Comparing Myofascial Exercise and Trigger Point Therapy for Non-Specific Low Back Pain

Non-specific low back pain is common, recurrent, and associated with substantial disability and health care use. In people with persistent symptoms, myofascial trigger points (MTrPs) are frequently identified and may contribute to heightened local pain sensitivity, restricted movement, and altered muscle recruitment patterns. In parallel, impaired kinetic-chain function and deficits in neuromuscular control are widely considered clinically relevant in nonspecific low back pain. From a myofascial perspective, regional symptoms may be influenced by force transmission and coordination across interconnected tissues and muscles within myofascial chains, particularly those spanning the trunk and lower extremity.

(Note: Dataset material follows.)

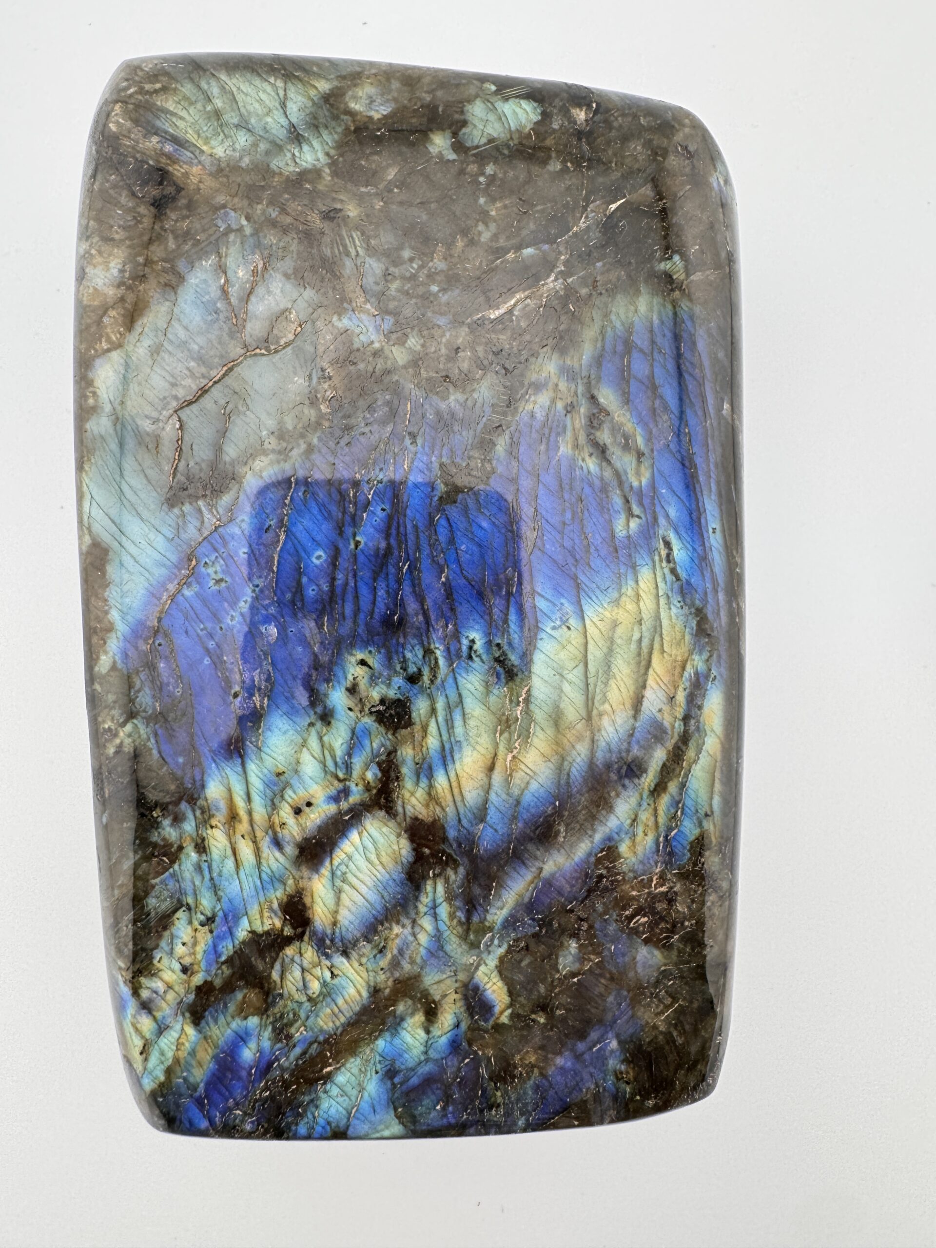 A Polished Labradorite glowing with brilliant flashes of blue, green, and gold tones—truly a show stopping display piece.

This trial is grounded in a combined framework that integrates (1) a local, noninvasive manual approach targeting MTrP-related pain sensitivity and mechanical irritability and (2) a function-oriented, myofascial chain-based exercise approach designed to address movement dysfunction and chain-level performance. The exercise program applies a functional classification model distinguishing stabilizer and mobilizer muscle roles. Stabilizer dysfunction is addressed through low-load inner-range holding strategies aimed at improving segmental control and endurance, whereas mobilizer dysfunction is addressed through sustained stretching strategies aimed at improving available range and reducing compensatory movement patterns. The central hypothesis is that combining these two approaches may provide complementary benefits by first reducing local pain sensitivity and then consolidating gains through task-relevant neuromuscular retraining and chain-based loading.

This study is an assessor-blinded, three-arm randomized controlled trial. Adults with nonspecific low back pain will be randomized to receive either (1) MTrP manual compression, (2) myofascial chain-based specific exercise, or (3) a combined intervention. Interventions will be delivered by trained physical therapists using standardized, protocol-driven procedures, twice weekly over four weeks. The protocol includes decision rules intended to standardize session content while allowing limited adjustment to individual presentation (e.g., selection of the most clinically relevant trigger point per target muscle and tailoring of exercise progression based on movement quality and compensations).

To evaluate both immediate and overall intervention effects, assessments will be conducted at three time points: prior to the first treatment session (baseline), immediately after the first session (immediate response), and after completion of the final treatment session (post-intervention). The outcomes are selected to reflect pain sensitivity, function and disability, and mechanistic/functional domains relevant to the study framework (e.g., chain-level performance, neuromuscular function, and lumbar movement capacity). Home program adherence will be monitored with participant logs for exercise-containing groups, supporting interpretation of treatment response in relation to dosage and compliance.

Treatment fidelity will be supported through therapist training, use of standardized procedures, and documentation of session content and dosage. Safety monitoring will be conducted throughout the intervention period. Because all interventions are noninvasive and commonly used in physical therapy practice, major adverse events are not expected; however, any discomfort, symptom exacerbation, or other adverse responses will be recorded and managed according to the protocol.